We have had losses in each year since our inception in 1989, and continue to have an accumulated deficit which, at December 31, 2014, was approximately $313.6 million. The net loss for 2014 was approximately $23.6 million. To date, our technologies and products have not produced revenues sufficient to cover operating, research and development and overhead costs. We will continue to make expenditures on patent protection and enforcement, research and development, marketing, and general operations in order to secure and fulfill any contracts that we achieve for the sale of our products or technologies. We expect that our revenues in 2015 will not bring the Company to profitability and our current capital resources will not be sufficient to sustain our operations through 2015. If we are not able to generate sufficient revenues or obtain sufficient capital resources, we will not be able to implement our business plan and investors will suffer a loss in their investment. This may also result in a change in our business strategies.

We expect to need additional capital in the future. Failure to raise such additional capital may prevent us from implementing our business plan as currently formulated.

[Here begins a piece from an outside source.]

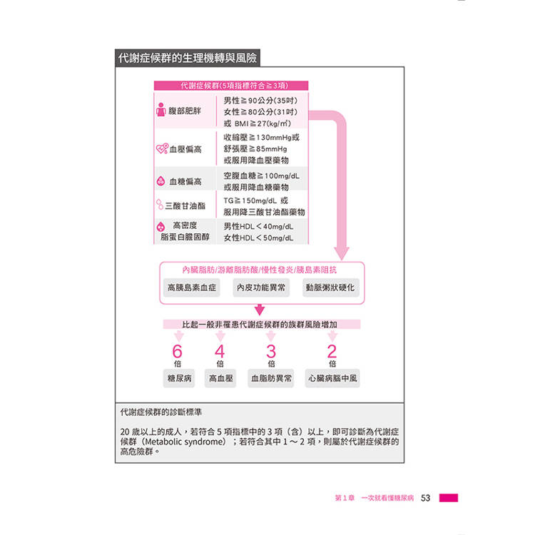 糖尿病早期無症狀很容易被忽略,但你不知道的是胰島素功能早已逐漸喪失。醫學研究指出:初診斷為糖尿病者,胰島細胞功能只有正常人的一半,隨著病程時間又會以每年 4~5%的速度衰退;而讓人震驚的是胰島素阻抗診斷10年前就有端倪,餐後高血糖發生在 6 年前,而空腹血糖增加在2年就出現。況且,尚無單一特效藥物能服用後完全根治糖尿病,最重要的是仍需要良好的飲食控制才能讓血糖達標。本書從潛伏期的代謝症候群、糖尿病的診斷、篩檢、指數、併發症與共病、監測,甚至如何逆轉且預防難纏的慢性健康殺手,說清楚讓你一次就看懂。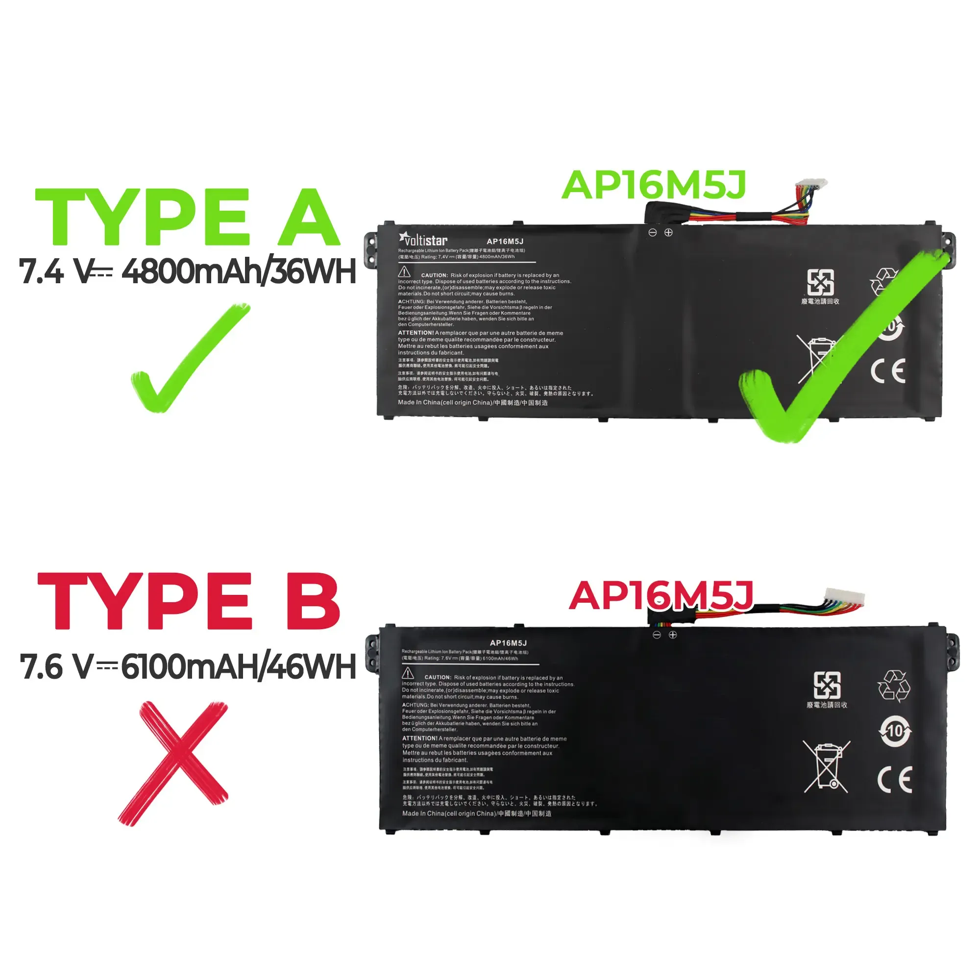 Avant tout achat, veuillez vérifier que la batterie dont vous avez besoin est bien celle que nous proposons. Pour éviter toute erreur et tout retour, comparez votre batterie d'ordinateur portable avec celle présentée sur les photos. Il est possible que la référence (P/N) corresponde, mais que les batteries ne soient pas physiquement compatibles.

Because we have had net losses and, to date, have not generated positive cash flow from operations, we have funded our operating losses from the sale of equity securities from time to time. We anticipate that our business plan will continue to require significant expenditures for patent protection and enforcement, research and development, marketing, and general operations. Furthermore, we expect that the implementation of significant cost reduction measures in order to reduce our cash needs may jeopardize our operations and future growth plans. Our current capital resources include cash and available-for-sale securities of $11.2 million at December 31, 2014 and $1.3 million in net proceeds from our January 2015 sale of warrants. In addition, we have a $7 million litigation funding commitment from a third-party; however, this funding is for specified use in future, not existing, patent enforcement actions. These capital resources will not be sufficient to meet our working capital needs for 2015 and we will require additional capital to fund our operations. Financing, if any, may be in the form of debt, contingent fee arrangements, or additional sales of equity securities, including common or preferred stock. The incurrence of debt or the sale of preferred stock may result in the imposition of operational limitations and other covenants and payment obligations, any of which may be burdensome to us. Contingent fee arrangements may result in a significant reduction in net earnings from litigation and/or licensing activities. The sale of equity securities, including common or preferred stock, may result in dilution to the current shareholders’ ownership. The long-term continuation of our business plan is dependent upon the generation of sufficient revenues from patent enforcement actions or the sale or license of our products or technologies, additional funding, reducing expenses or a combination of the foregoing. The failure to generate sufficient revenues, raise capital or reduce expenses will have a material adverse effect on our ability to achieve our long-term business objectives.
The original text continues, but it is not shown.